▶ Provided data
== Segment start ==

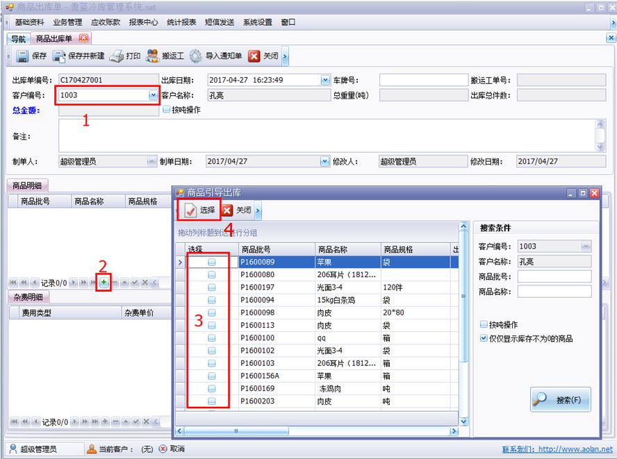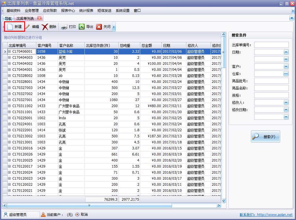 傲藍冷庫倉儲管理軟件,商品出庫單,對指定的商品批號或者商品編號進行出庫,此模塊顯示當前批號商品的存貨件數、存貨噸重,出庫的噸重不能超過存貨噸重。
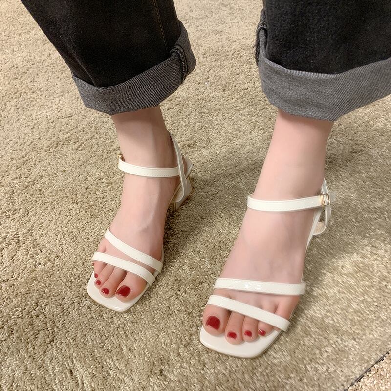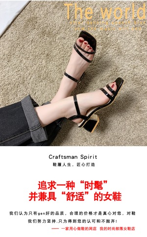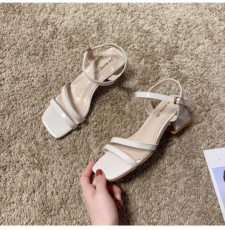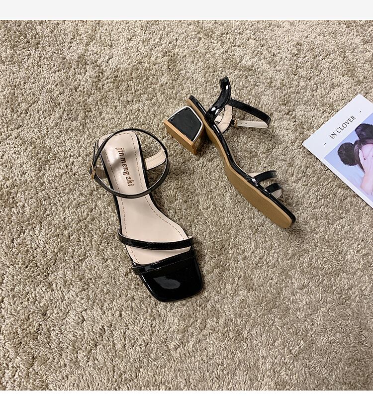 厚いヒールのサンダル2020新しい女性の靴夏のファッションの正方形の頭の妖精の学生の野生の単語のバックルのローマの靴 部族の婦人靴9933362
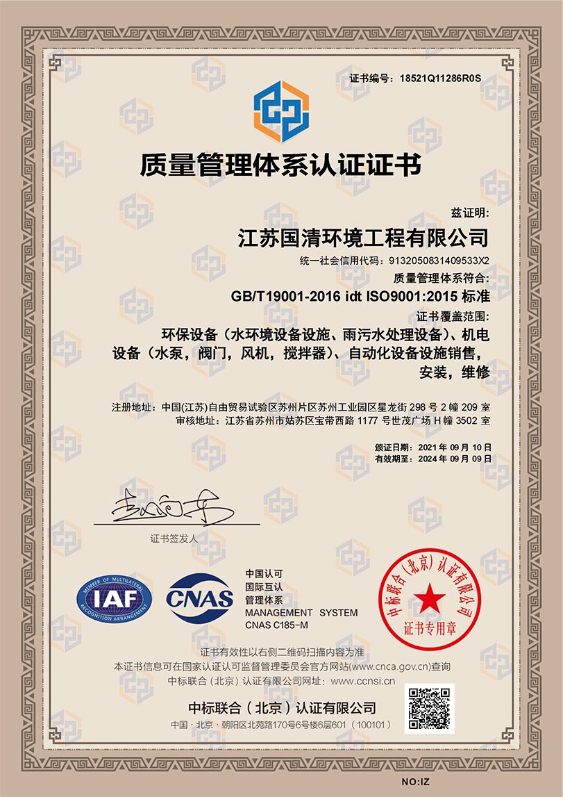 质量管理体系认证证书

== Segment end ==

Transcribe exactly the lines from the one holding "厚いヒールのサンダル2020" through the final line of the material above, both ends included; any pictures should be dropped.

 厚いヒールのサンダル2020新しい女性の靴夏のファッションの正方形の頭の妖精の学生の野生の単語のバックルのローマの靴 部族の婦人靴9933362
 质量管理体系认证证书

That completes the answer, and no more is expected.